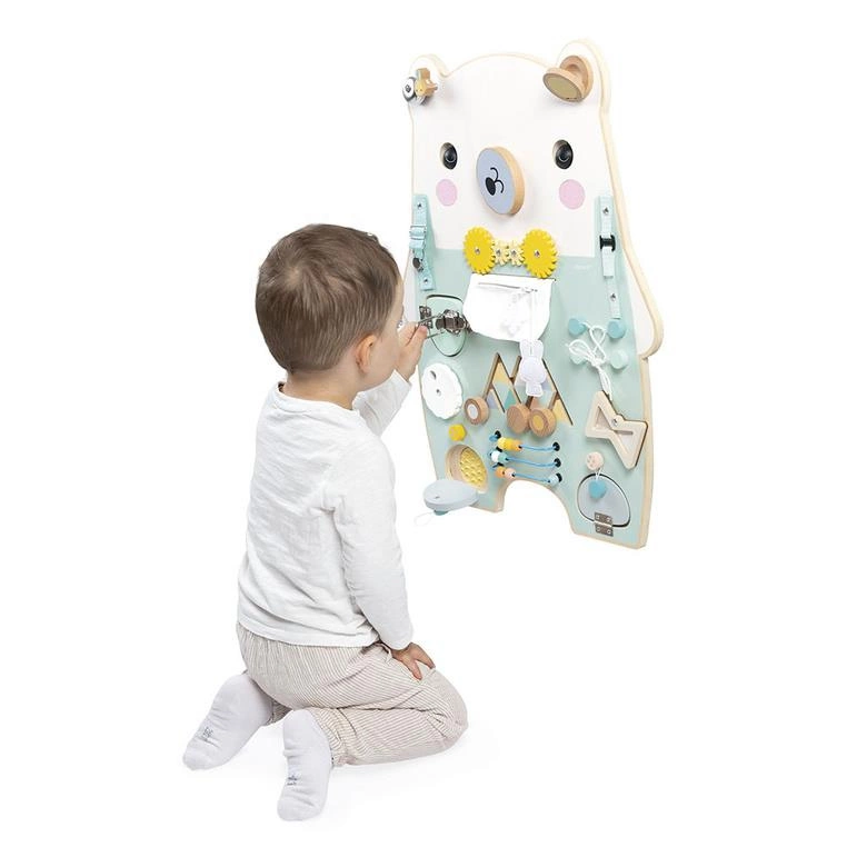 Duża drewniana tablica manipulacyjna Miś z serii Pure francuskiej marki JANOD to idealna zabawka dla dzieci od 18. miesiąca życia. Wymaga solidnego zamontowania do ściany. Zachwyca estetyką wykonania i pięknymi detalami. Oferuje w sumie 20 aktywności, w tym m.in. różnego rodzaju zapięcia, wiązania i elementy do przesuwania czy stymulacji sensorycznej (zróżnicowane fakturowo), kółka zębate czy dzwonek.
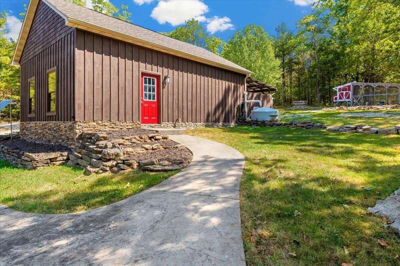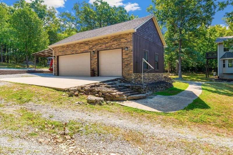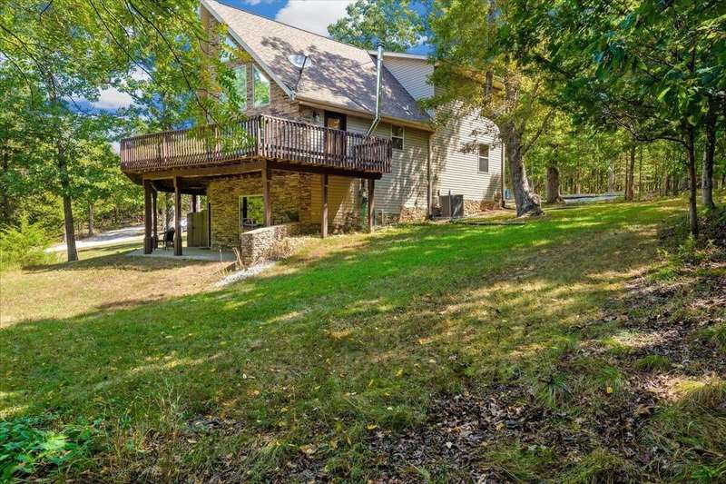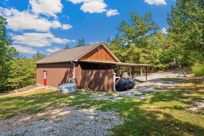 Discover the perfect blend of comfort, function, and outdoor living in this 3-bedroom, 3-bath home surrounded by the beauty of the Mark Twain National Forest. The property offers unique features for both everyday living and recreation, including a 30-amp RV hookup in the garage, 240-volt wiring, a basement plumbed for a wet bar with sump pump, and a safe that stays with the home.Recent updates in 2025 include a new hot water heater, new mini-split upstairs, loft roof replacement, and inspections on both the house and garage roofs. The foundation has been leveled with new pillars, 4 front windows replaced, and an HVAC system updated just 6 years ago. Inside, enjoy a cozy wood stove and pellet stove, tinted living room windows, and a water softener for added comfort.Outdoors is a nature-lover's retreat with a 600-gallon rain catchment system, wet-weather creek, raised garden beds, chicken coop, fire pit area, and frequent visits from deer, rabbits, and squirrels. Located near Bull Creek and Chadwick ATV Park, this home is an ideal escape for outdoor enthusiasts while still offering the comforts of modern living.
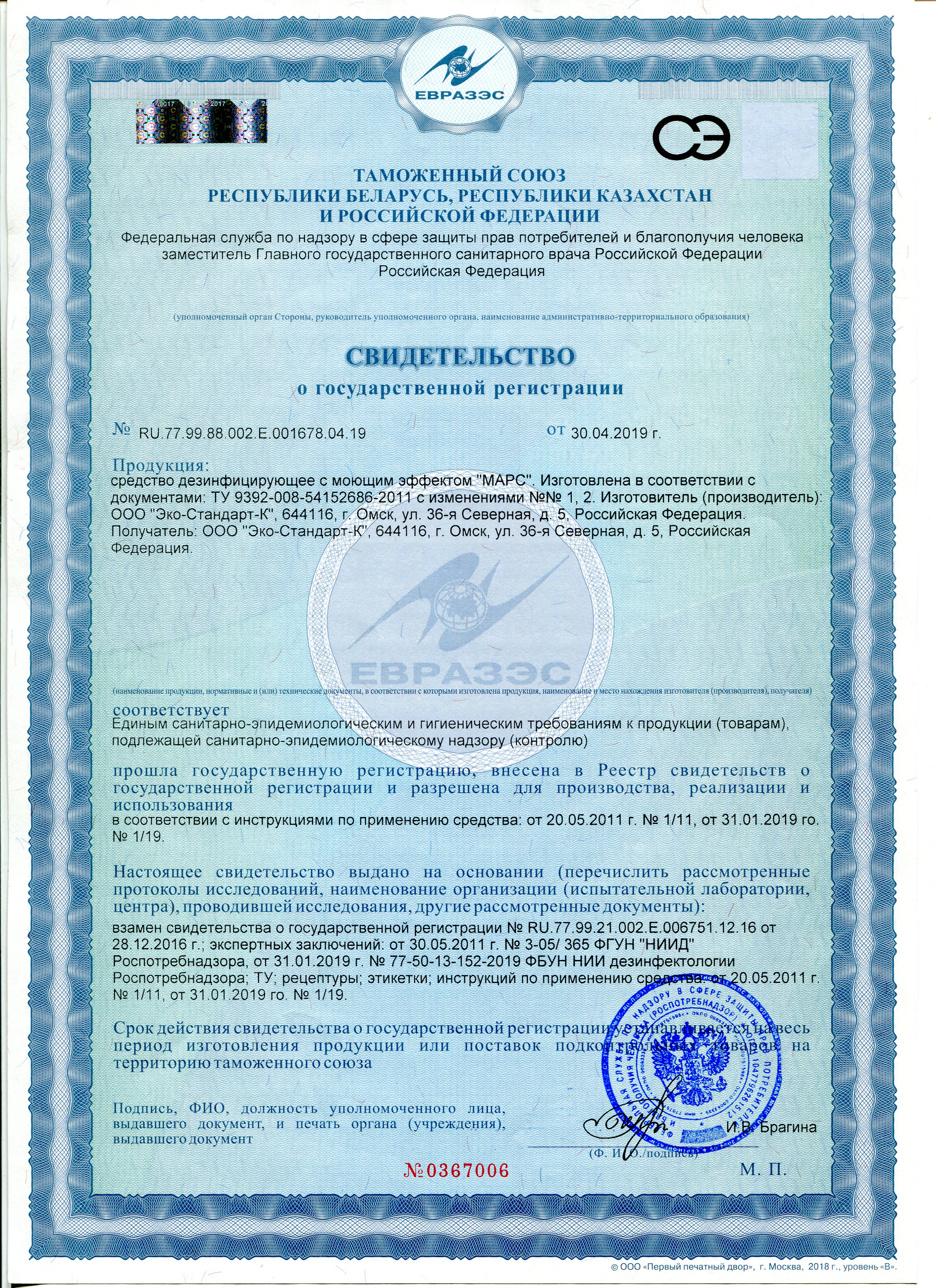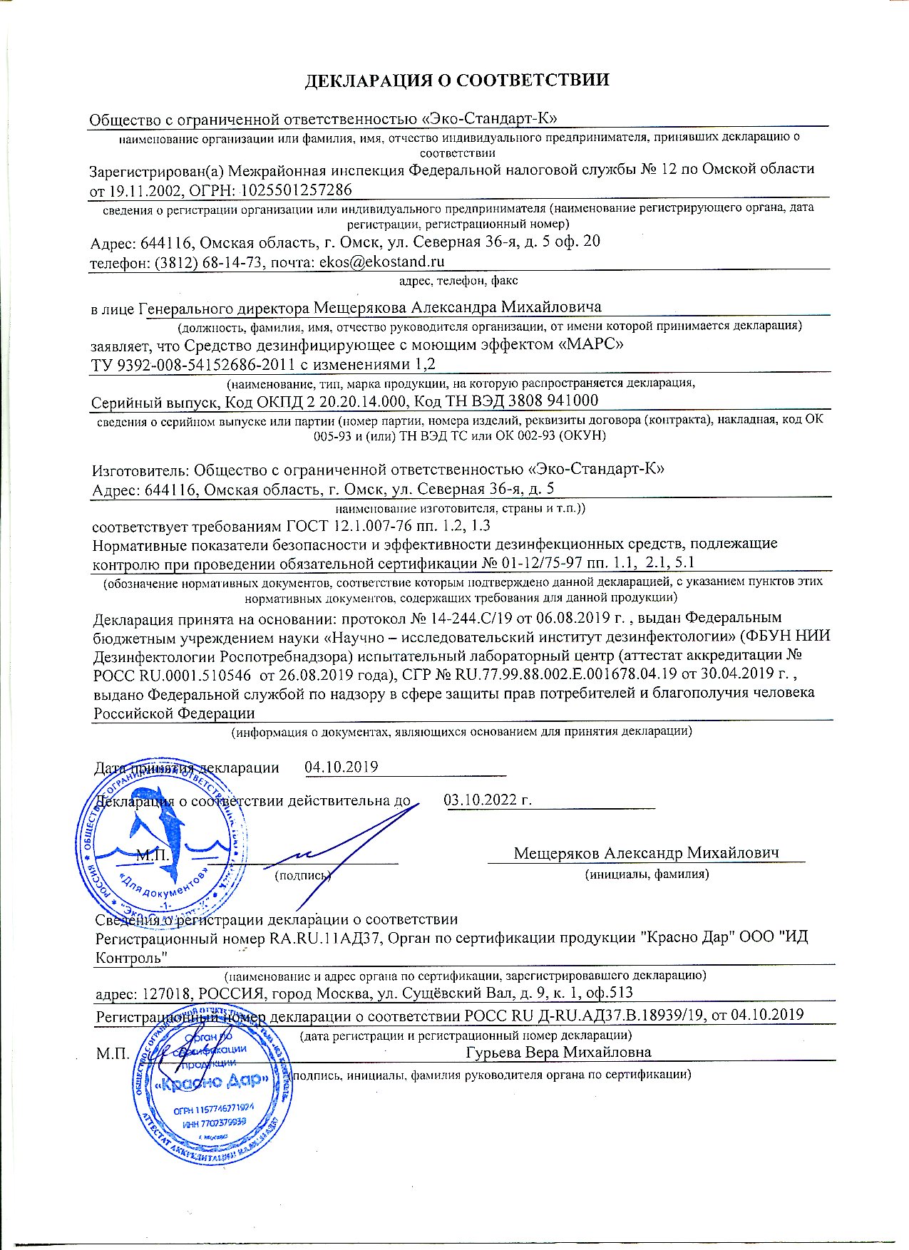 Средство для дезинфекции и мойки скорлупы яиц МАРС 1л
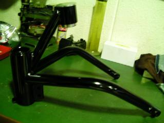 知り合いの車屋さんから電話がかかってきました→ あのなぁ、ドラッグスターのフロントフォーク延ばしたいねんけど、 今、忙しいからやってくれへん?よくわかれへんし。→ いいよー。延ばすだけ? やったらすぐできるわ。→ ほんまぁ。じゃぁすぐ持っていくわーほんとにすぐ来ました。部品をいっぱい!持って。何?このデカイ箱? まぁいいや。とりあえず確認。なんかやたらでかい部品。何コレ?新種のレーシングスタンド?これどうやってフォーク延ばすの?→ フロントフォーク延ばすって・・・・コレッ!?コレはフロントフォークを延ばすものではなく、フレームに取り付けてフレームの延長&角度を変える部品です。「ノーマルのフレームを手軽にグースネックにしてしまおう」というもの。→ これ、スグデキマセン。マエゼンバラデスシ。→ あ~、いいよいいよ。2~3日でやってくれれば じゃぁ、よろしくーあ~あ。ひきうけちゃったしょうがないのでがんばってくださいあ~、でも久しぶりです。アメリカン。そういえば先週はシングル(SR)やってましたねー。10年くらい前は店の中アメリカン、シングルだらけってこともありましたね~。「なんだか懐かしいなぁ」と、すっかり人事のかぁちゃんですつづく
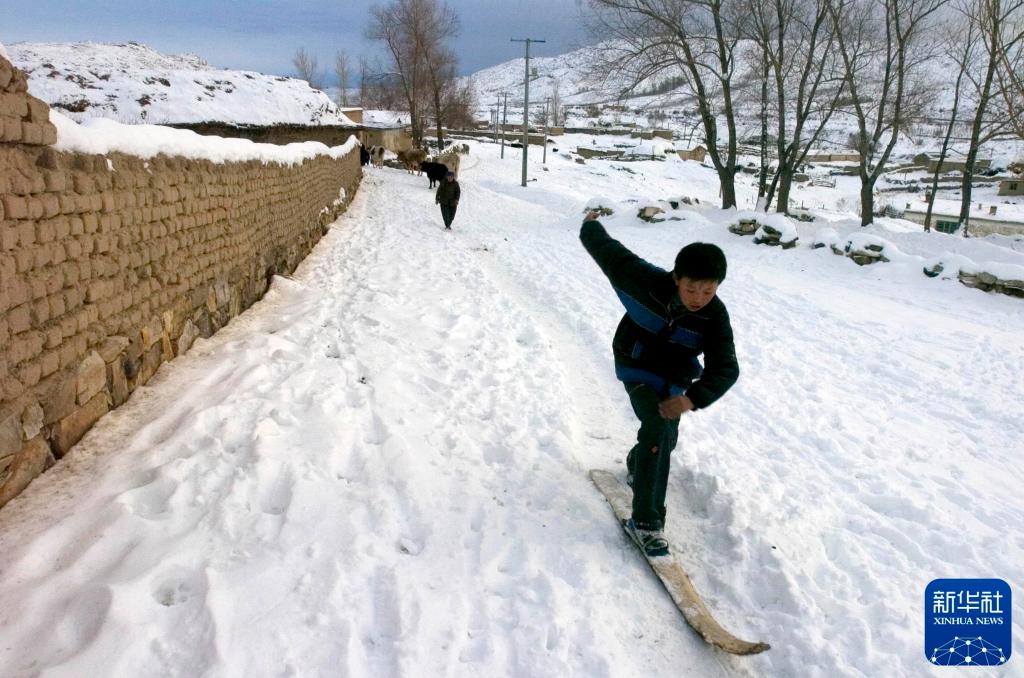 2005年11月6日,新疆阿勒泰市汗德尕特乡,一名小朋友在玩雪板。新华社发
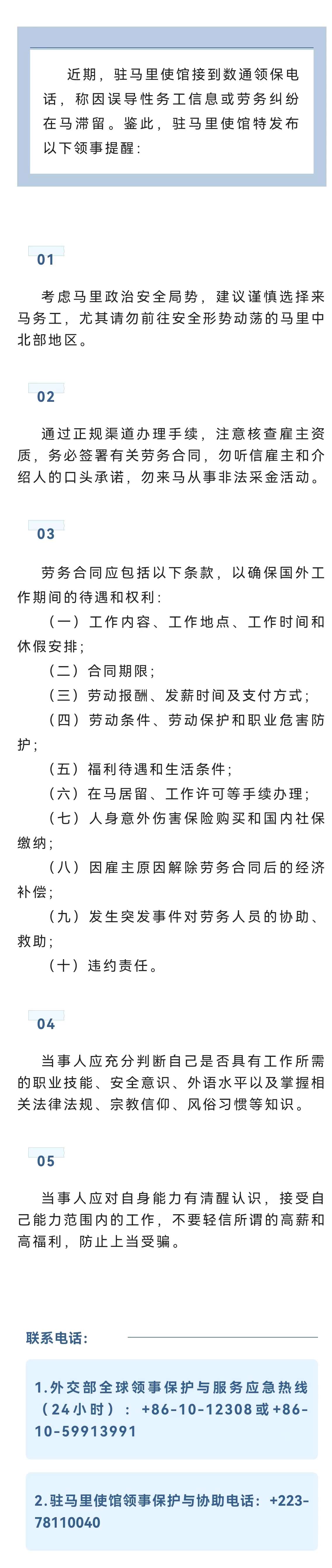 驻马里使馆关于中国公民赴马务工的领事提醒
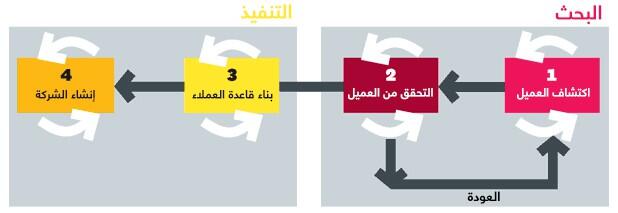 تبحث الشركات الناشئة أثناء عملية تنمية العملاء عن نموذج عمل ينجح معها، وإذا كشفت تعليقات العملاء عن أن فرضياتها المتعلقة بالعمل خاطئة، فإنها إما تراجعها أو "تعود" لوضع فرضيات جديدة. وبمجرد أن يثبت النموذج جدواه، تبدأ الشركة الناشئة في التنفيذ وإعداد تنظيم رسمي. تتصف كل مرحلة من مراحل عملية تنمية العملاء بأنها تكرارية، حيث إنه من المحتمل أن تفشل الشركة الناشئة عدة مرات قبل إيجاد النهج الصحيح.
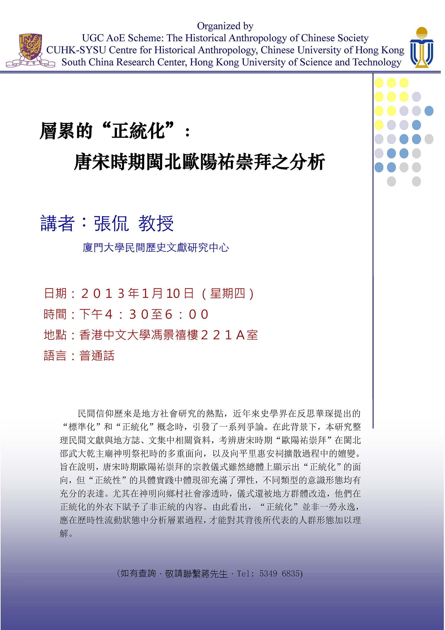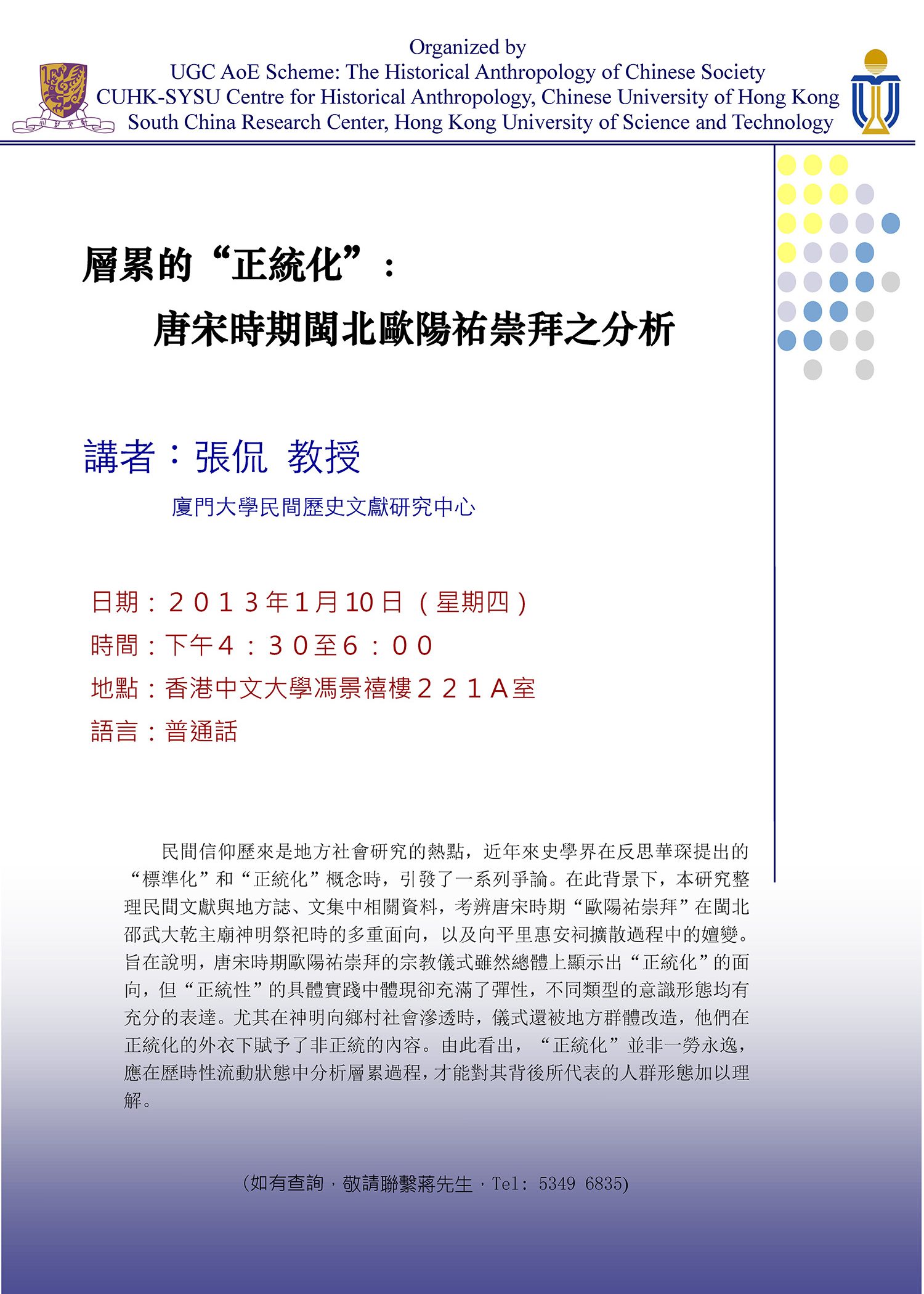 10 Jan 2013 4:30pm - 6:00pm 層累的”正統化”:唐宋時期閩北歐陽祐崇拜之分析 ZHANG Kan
━━━━━━━━━━━━━━━━━━━━━━━━━━━━━━
- [PROBLEM TO WORK ON]: Apart from the images, print all the material above exactly as given.

- [TASK ANSWER]:
 Duża drewniana tablica manipulacyjna Miś z serii Pure francuskiej marki JANOD to idealna zabawka dla dzieci od 18. miesiąca życia. Wymaga solidnego zamontowania do ściany. Zachwyca estetyką wykonania i pięknymi detalami. Oferuje w sumie 20 aktywności, w tym m.in. różnego rodzaju zapięcia, wiązania i elementy do przesuwania czy stymulacji sensorycznej (zróżnicowane fakturowo), kółka zębate czy dzwonek.
 Discover the perfect blend of comfort, function, and outdoor living in this 3-bedroom, 3-bath home surrounded by the beauty of the Mark Twain National Forest. The property offers unique features for both everyday living and recreation, including a 30-amp RV hookup in the garage, 240-volt wiring, a basement plumbed for a wet bar with sump pump, and a safe that stays with the home.Recent updates in 2025 include a new hot water heater, new mini-split upstairs, loft roof replacement, and inspections on both the house and garage roofs. The foundation has been leveled with new pillars, 4 front windows replaced, and an HVAC system updated just 6 years ago. Inside, enjoy a cozy wood stove and pellet stove, tinted living room windows, and a water softener for added comfort.Outdoors is a nature-lover's retreat with a 600-gallon rain catchment system, wet-weather creek, raised garden beds, chicken coop, fire pit area, and frequent visits from deer, rabbits, and squirrels. Located near Bull Creek and Chadwick ATV Park, this home is an ideal escape for outdoor enthusiasts while still offering the comforts of modern living.
 Средство для дезинфекции и мойки скорлупы яиц МАРС 1л
 知り合いの車屋さんから電話がかかってきました→ あのなぁ、ドラッグスターのフロントフォーク延ばしたいねんけど、 今、忙しいからやってくれへん?よくわかれへんし。→ いいよー。延ばすだけ? やったらすぐできるわ。→ ほんまぁ。じゃぁすぐ持っていくわーほんとにすぐ来ました。部品をいっぱい!持って。何?このデカイ箱? まぁいいや。とりあえず確認。なんかやたらでかい部品。何コレ?新種のレーシングスタンド?これどうやってフォーク延ばすの?→ フロントフォーク延ばすって・・・・コレッ!?コレはフロントフォークを延ばすものではなく、フレームに取り付けてフレームの延長&角度を変える部品です。「ノーマルのフレームを手軽にグースネックにしてしまおう」というもの。→ これ、スグデキマセン。マエゼンバラデスシ。→ あ~、いいよいいよ。2~3日でやってくれれば じゃぁ、よろしくーあ~あ。ひきうけちゃったしょうがないのでがんばってくださいあ~、でも久しぶりです。アメリカン。そういえば先週はシングル(SR)やってましたねー。10年くらい前は店の中アメリカン、シングルだらけってこともありましたね~。「なんだか懐かしいなぁ」と、すっかり人事のかぁちゃんですつづく
 2005年11月6日,新疆阿勒泰市汗德尕特乡,一名小朋友在玩雪板。新华社发
 驻马里使馆关于中国公民赴马务工的领事提醒
 تبحث الشركات الناشئة أثناء عملية تنمية العملاء عن نموذج عمل ينجح معها، وإذا كشفت تعليقات العملاء عن أن فرضياتها المتعلقة بالعمل خاطئة، فإنها إما تراجعها أو "تعود" لوضع فرضيات جديدة. وبمجرد أن يثبت النموذج جدواه، تبدأ الشركة الناشئة في التنفيذ وإعداد تنظيم رسمي. تتصف كل مرحلة من مراحل عملية تنمية العملاء بأنها تكرارية، حيث إنه من المحتمل أن تفشل الشركة الناشئة عدة مرات قبل إيجاد النهج الصحيح.
 10 Jan 2013 4:30pm - 6:00pm 層累的”正統化”:唐宋時期閩北歐陽祐崇拜之分析 ZHANG Kan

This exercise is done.